Charlie Steiner comments on Thinking about reasoning models made me less worried about scheming

Charlie Steiner 21 Nov 2025 3:41 UTC
2 points
0
models can’t learn that much during current RL, which means their reasoning is somewhat closely tied to how a human would solve a problem
Should it be “their reasoning is closely tied to the reasoning the models learned in order to predict pretraining data, which might or might not have anything to do with how a human would do it.”?
Even if the model is producing tokens that a human would normally produce, the pattern of the tokens is only the “frosting,” the “cake” is the nonverbal reasoning that produces the tokens (which are not default human-like even when producing human-like tokens, e.g. see Anthropic’s recent study of the weird heuristics for addition in LLMs).
- Fabien Roger 21 Nov 2025 12:04 UTC
  2 points
  0
  Parent
  The thing I am trying to point at is what happens in the CoT-reasoning. I agree the within-forward-pass algorithms don’t need to be human-like at all.
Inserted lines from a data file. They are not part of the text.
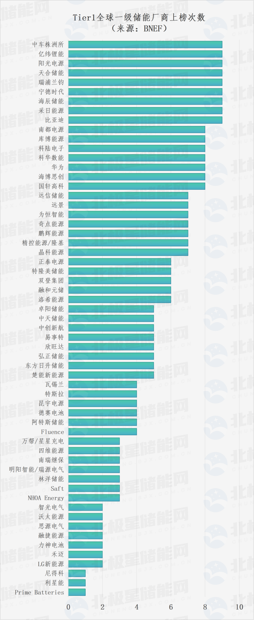 北极星储能网观察到,自2024年第一季度Tier 1榜单推出以来,包含比亚迪、采日能源、海辰储能、宁德时代、瑞浦兰钧、天合储能、阳光电源、亿纬锂能、中车株洲所在内的9家企业9次榜单始终在列,无一次落榜。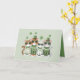 Det här charmerande hälsningskortet med sitt festliga tema för kattdjur är perfekt för att fira St. Patrick's Day. På kortets framsida visas fyra katter som är klädda festilt i gröntens svettare och hattar som är förslutna med schampar. Varje katt bär solglasögon och lägger till en lekfull och coola kattvib på scenen. Bakgrunden är en mjuk grönt som kompletterar katternas mörkare grönt inslag. Inuti fortsätter kortet temat med ett mörk grönt färg som kompletterar framsidan. Det inre budskapet lyder: "Irländskt du är en purfekt St. Cat-tricks-dag!" skapar det en härlig pun-fylld hälsning för kattälskare, de med irländskt arv och alla St. Patrick's Day-entusiast. Kortet är idealiskt för att skicka varmt önskemål och en liten bit humor till vänner och familj på detta festliga helgdag.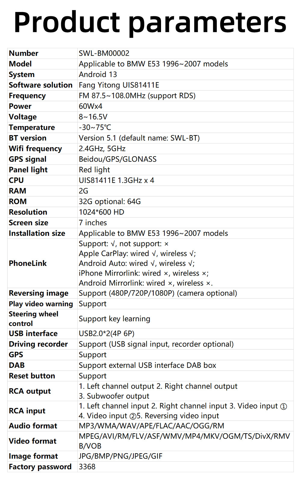 Aplicable a 96 ~ 07 BMW E53 estilo original carplay inalámbrico fácil de usar navegación Android montada en el coche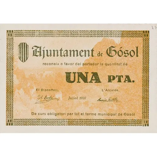 (Translation: City Council of Gósol recognizes in favor of the bearer the amount of One Peseta July 1937 Mandatory course throughout the municipality of Gósol)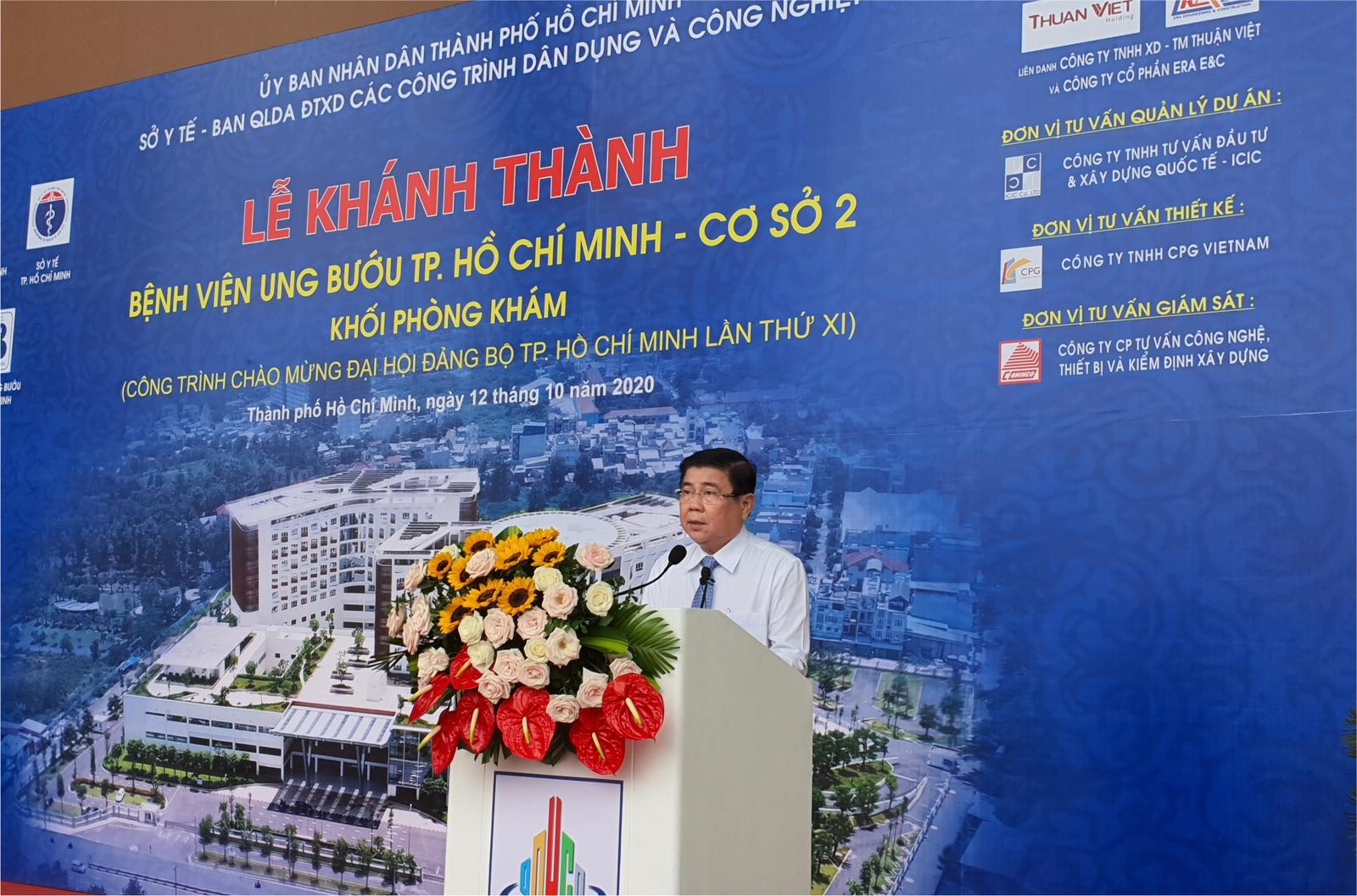 Chủ tịch UBND TP Nguyễn Thành Phong tuyên dương ngành Y tế TP trong những năm qua đã khẳng định năng lực, trình độ ngang tầm với các nước trong khu vực. BV Ung bướu cơ sở 2 đưa vào hoạt động là một trong những chủ trương quan trọng của TP trong việc nâng cao đời sống và sức khoẻ của người dân.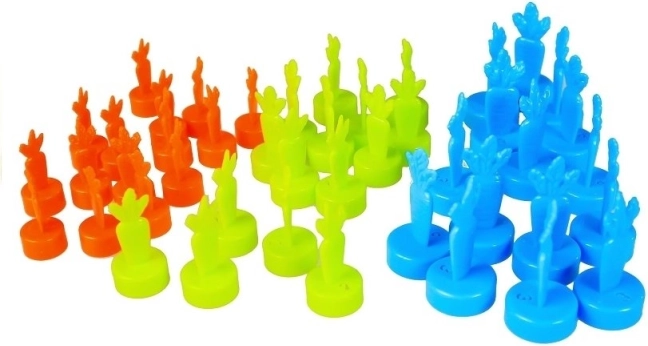 Jocul conține morcovi din plastic colorat în portocaliu, verde și albastru, care reprezintă diverse valori de punctaj. Aceste elemente sunt ideale pentru jocuri distractive și vizual atrăgătoare.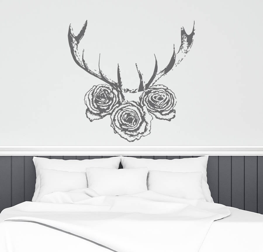 Deer Antler Wall Decals Deer Wall Decal Flowers Wall Decor Etsy
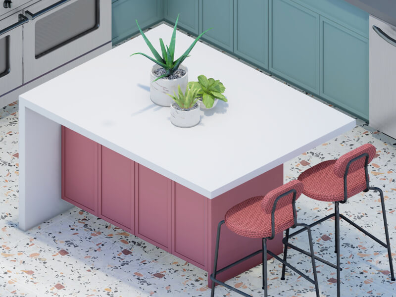 To unify the room’s style, this island matches the cabinetry, worktops, backsplash, and flooring, in its perfect way. Because of the wide variety of tile looks available, this ceramic kitchen island pulls all the elements of your kitchen together without compromising on style. It is the perfect way to upgrade your kitchen in both style and durability.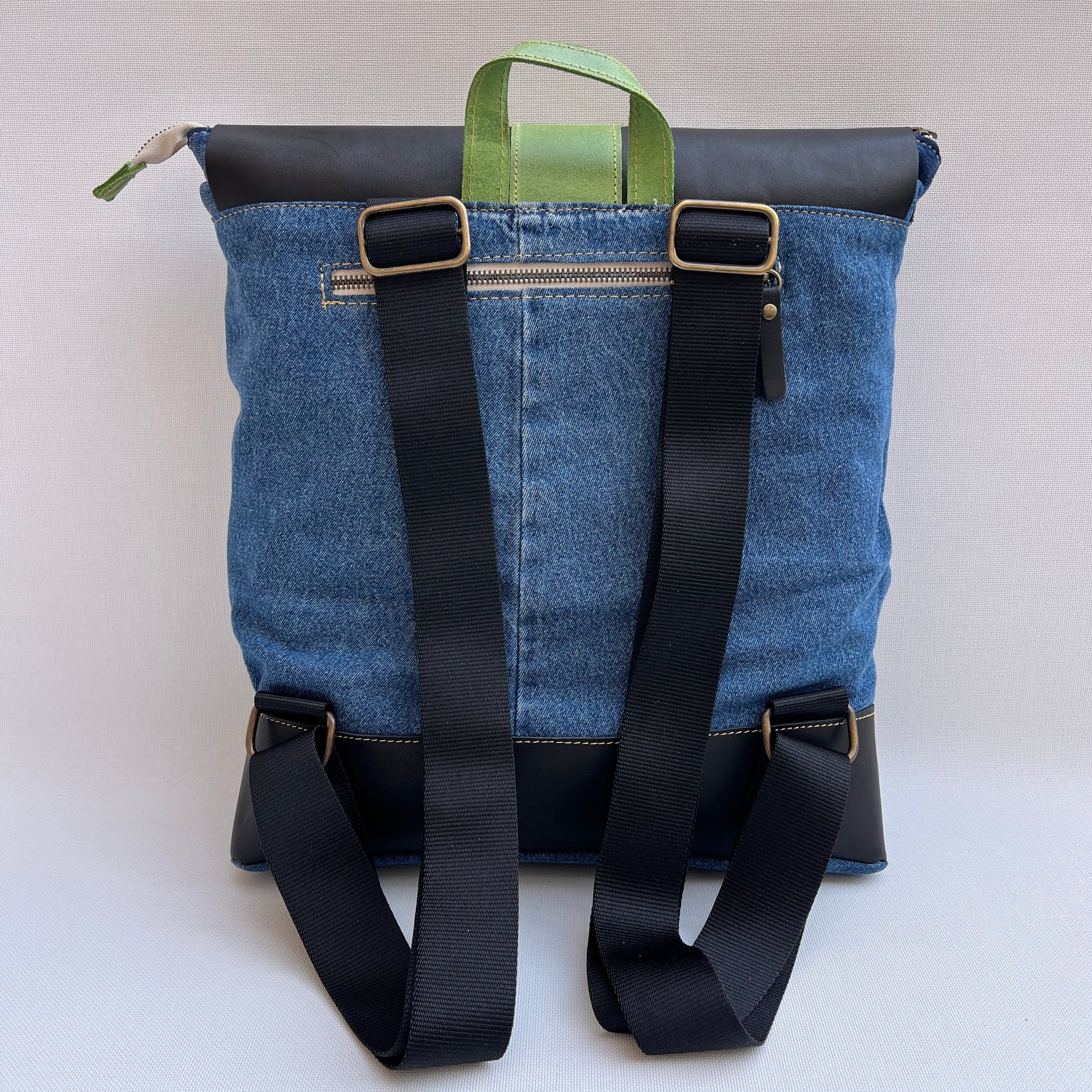 Mochila Caomka ultraligera confeccionada con tejido procedente de vaqueros reutilizados combinados con piel/cuero.

  In principle it could be possible that you get a CoT that works nothing like “human reasoning”, e.g. because there is some structure in some codebases or in some procedurally generated reports common in pretraining that are useful for reasoning, but I am not aware of such examples and on priors that seems not that likely because that next was not “made to be useful reasoning” (while human-generated reasoning is).